Isolation and nucleotide sequencing of lactose carrier mutants that transport maltose

Abstract

The wild-type lactose carrier of Escherichia coli has a poor ability to transport the disaccharide maltose. However, it is possible to select lactose carrier mutants that have an enhanced ability to transport maltose by growing E. coli cells on maltose minimal plates in the presence of isopropyl thiogalactoside (an inducer of the lac operon). We have utilized this approach to isolate 18 independent lactose permease mutants that transport maltose.
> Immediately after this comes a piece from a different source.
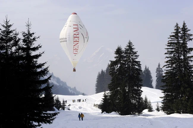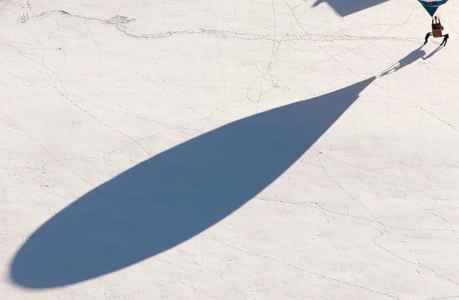 9. Тінь повітряної кулі, що щойно приземлилася, лежить на снігу під час тижня повітряних куль у Шато д’О, Швейцарія, 23 січня. Понад 80 куль із 15 країн взяли участь у відомому заході у швейцарському гірськолижному курорті, відомому своїми ідеальними погодними умовами завдяки винятковому мікроклімату. (REUTERS/Valentin Flauraud)

The relevant DNA sequences have been determined, and all of the mutations were found to be single base pair changes either at triplet 177 or at triplet 236. The nucleotide changes replace alanine-177 with valine or threonine, or tyrosine-236 with phenylalanine, asparagine, serine, or histidine. Transport experiments indicate that all of the mutants have faster maltose transport compared with the wild-type strain. Position 177 mutants retain the ability to transport galactosides, such as lactose and melibiose, at rates similar to the rate of the wild-type strain. In contrast, the position 236 mutants are markedly defective in the ability to transport galactosides. With regard to secondary structure, alanine-177 and tyrosine-236 are located on adjacent hydrophobic segments of the lactose carrier that are predicted to span the membrane. Thus, the results of this study indicate that the substrate recognition site of the lactose carrier is located within the plane of the lipid bilayer. In addition, a tertiary structure model is proposed that suggests how certain transmembrane segments might be localized relative to one another.